## What you are asked to do
Exact reproduction of all the data is required, with pictures excluded.

Start of Data for analysis

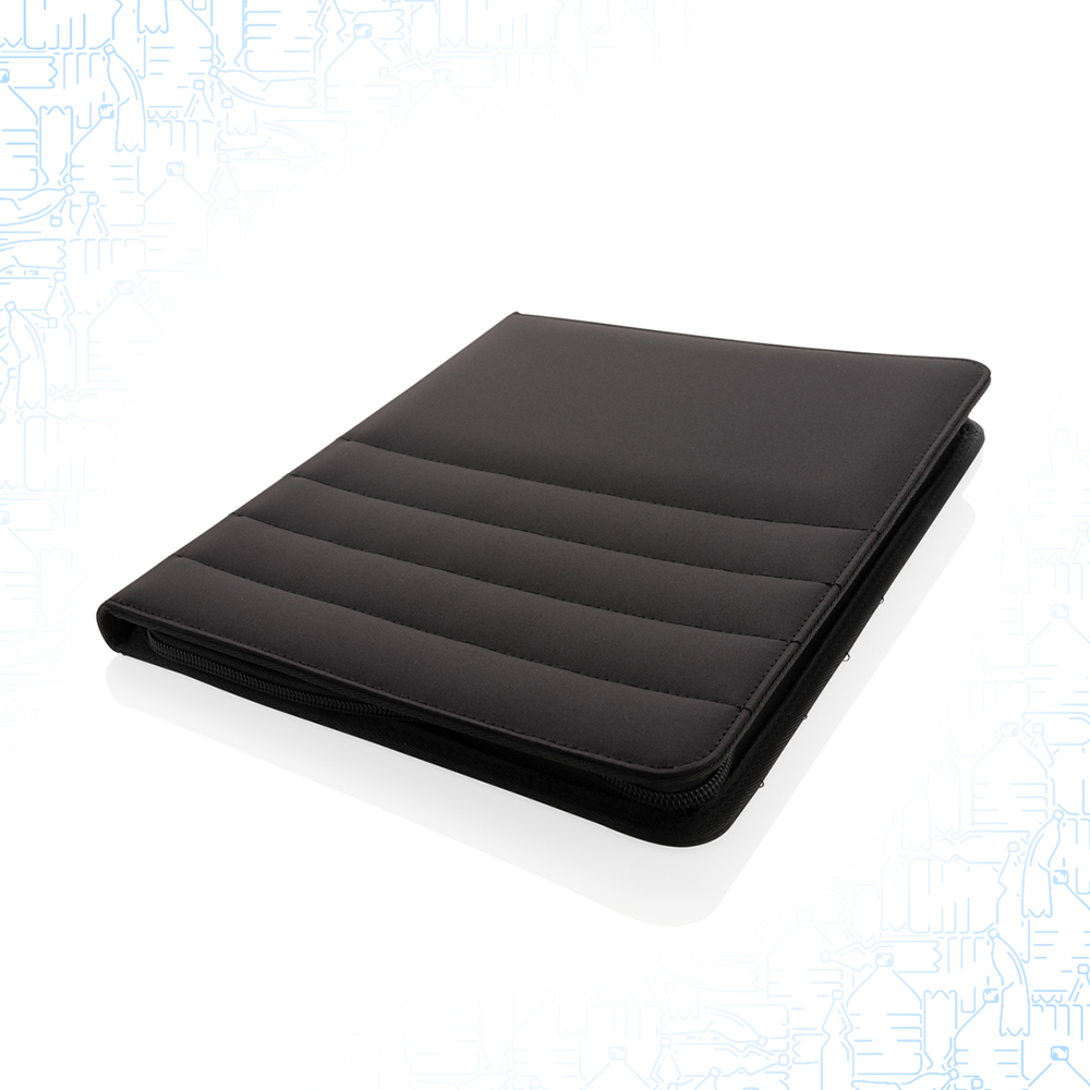 Portablocco e documenti A4 Aware T RPET, con cerniera. Al suo interno, trovi 1 tasca capiente, 1 taschino per il telefono, 4 card slots e un passante per penna. Fornito di un taccuino di carta riciclata con 20 fogli a righe in color crema e grammatura 80gr/m2. Interno ed esterno in poliestere riciclato 100% aware T.
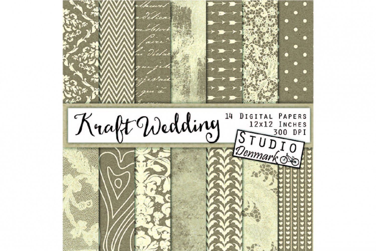 This collection includes 14 high quality 300 dpi digital papers in 12 x 12 inch size. These papers are perfect for kraft wedding projects and include elegant lace, paint, arrows, hearts, dots, script, chevron, and more, all in ivory on a rustic kraft background.
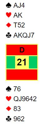 Som syd har du blitt spillende 4 hjerter ettter at øst har vært innpå med en sperremelding i ruter. Vest spiller ut ruter konge som øst stikker over med esset og tar for ruter dame, vest følger farge. Så kommer ruter knekt fra øst. Hva gjør du nå?
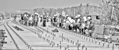 由十六局集团五公司担负施工的京沪高铁三标段二分部、五分部,严格按照铁道部推行的“四个标准化”,牢固树立“精品、信誉、安全、学习、创新、保障”意识,以“建设优质京沪,建设和谐京沪”为目标, 全体参建员工发扬了无私奉献、顽强拼搏、勇于创新、敢于超越的京沪高铁建设精神,不断掀起施工大干高潮。他们先后建成全线第一个高标准化混凝土拌和站;成功生产全线第一片900吨混凝土箱梁;第一家进行Ⅱ型轨道板铺设;京沪高铁首组道岔铺设完工,并在全线组织的各类劳动竞赛活动中名列前茅。二分部项目经理郭永忠获得中国铁建“工人先锋号标兵”称号,五分部项目经理刘瑞军被中国铁建评为京沪高铁劳动竞赛优秀组织者。目前,三标段重点工程全面突破,全线基础工程进入收尾阶段,为达到7月中下旬开始枣蚌先导段长轨铺设、8月中下旬全线开始铺轨的目标,迅速掀起百日大干建功立业劳动竞赛高潮,向Ⅱ型轨道板、道岔铺设发起冲击。
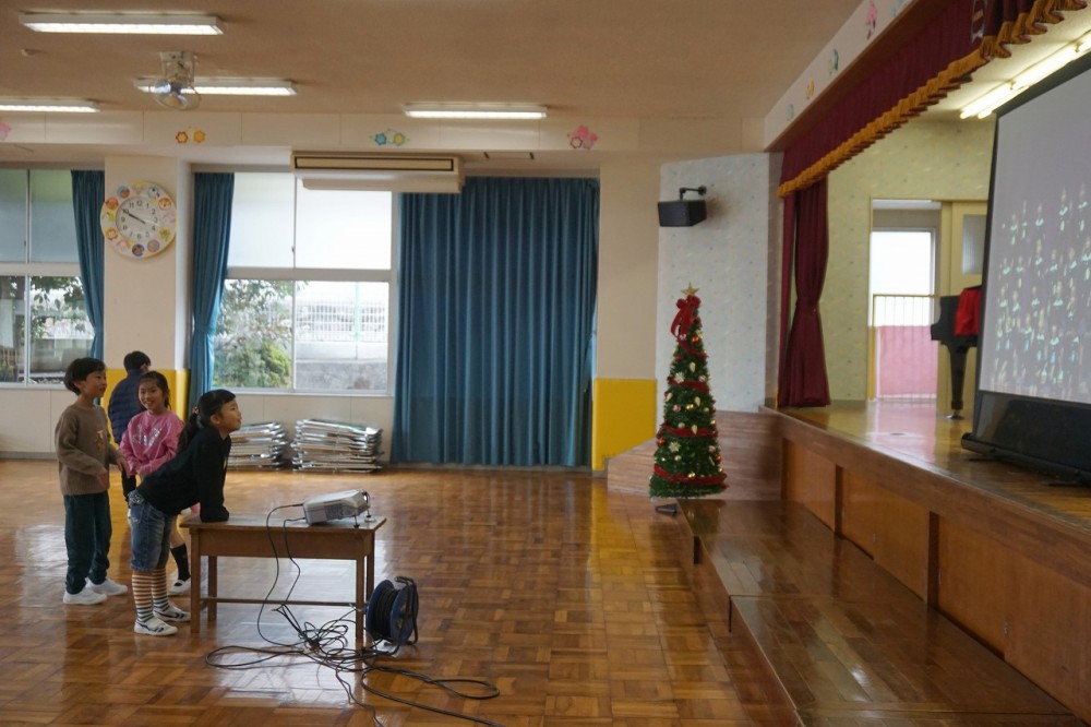 幼稚園での思い出スライド鑑賞中。
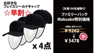 【ファミリーパック特別価格】フェイスシールドキャップ お好きなタイプx4点

End of Data for analysis

## Response to this exercise
 Portablocco e documenti A4 Aware T RPET, con cerniera. Al suo interno, trovi 1 tasca capiente, 1 taschino per il telefono, 4 card slots e un passante per penna. Fornito di un taccuino di carta riciclata con 20 fogli a righe in color crema e grammatura 80gr/m2. Interno ed esterno in poliestere riciclato 100% aware T.
 This collection includes 14 high quality 300 dpi digital papers in 12 x 12 inch size. These papers are perfect for kraft wedding projects and include elegant lace, paint, arrows, hearts, dots, script, chevron, and more, all in ivory on a rustic kraft background.
 Som syd har du blitt spillende 4 hjerter ettter at øst har vært innpå med en sperremelding i ruter. Vest spiller ut ruter konge som øst stikker over med esset og tar for ruter dame, vest følger farge. Så kommer ruter knekt fra øst. Hva gjør du nå?
 由十六局集团五公司担负施工的京沪高铁三标段二分部、五分部,严格按照铁道部推行的“四个标准化”,牢固树立“精品、信誉、安全、学习、创新、保障”意识,以“建设优质京沪,建设和谐京沪”为目标, 全体参建员工发扬了无私奉献、顽强拼搏、勇于创新、敢于超越的京沪高铁建设精神,不断掀起施工大干高潮。他们先后建成全线第一个高标准化混凝土拌和站;成功生产全线第一片900吨混凝土箱梁;第一家进行Ⅱ型轨道板铺设;京沪高铁首组道岔铺设完工,并在全线组织的各类劳动竞赛活动中名列前茅。二分部项目经理郭永忠获得中国铁建“工人先锋号标兵”称号,五分部项目经理刘瑞军被中国铁建评为京沪高铁劳动竞赛优秀组织者。目前,三标段重点工程全面突破,全线基础工程进入收尾阶段,为达到7月中下旬开始枣蚌先导段长轨铺设、8月中下旬全线开始铺轨的目标,迅速掀起百日大干建功立业劳动竞赛高潮,向Ⅱ型轨道板、道岔铺设发起冲击。
 幼稚園での思い出スライド鑑賞中。
 【ファミリーパック特別価格】フェイスシールドキャップ お好きなタイプx4点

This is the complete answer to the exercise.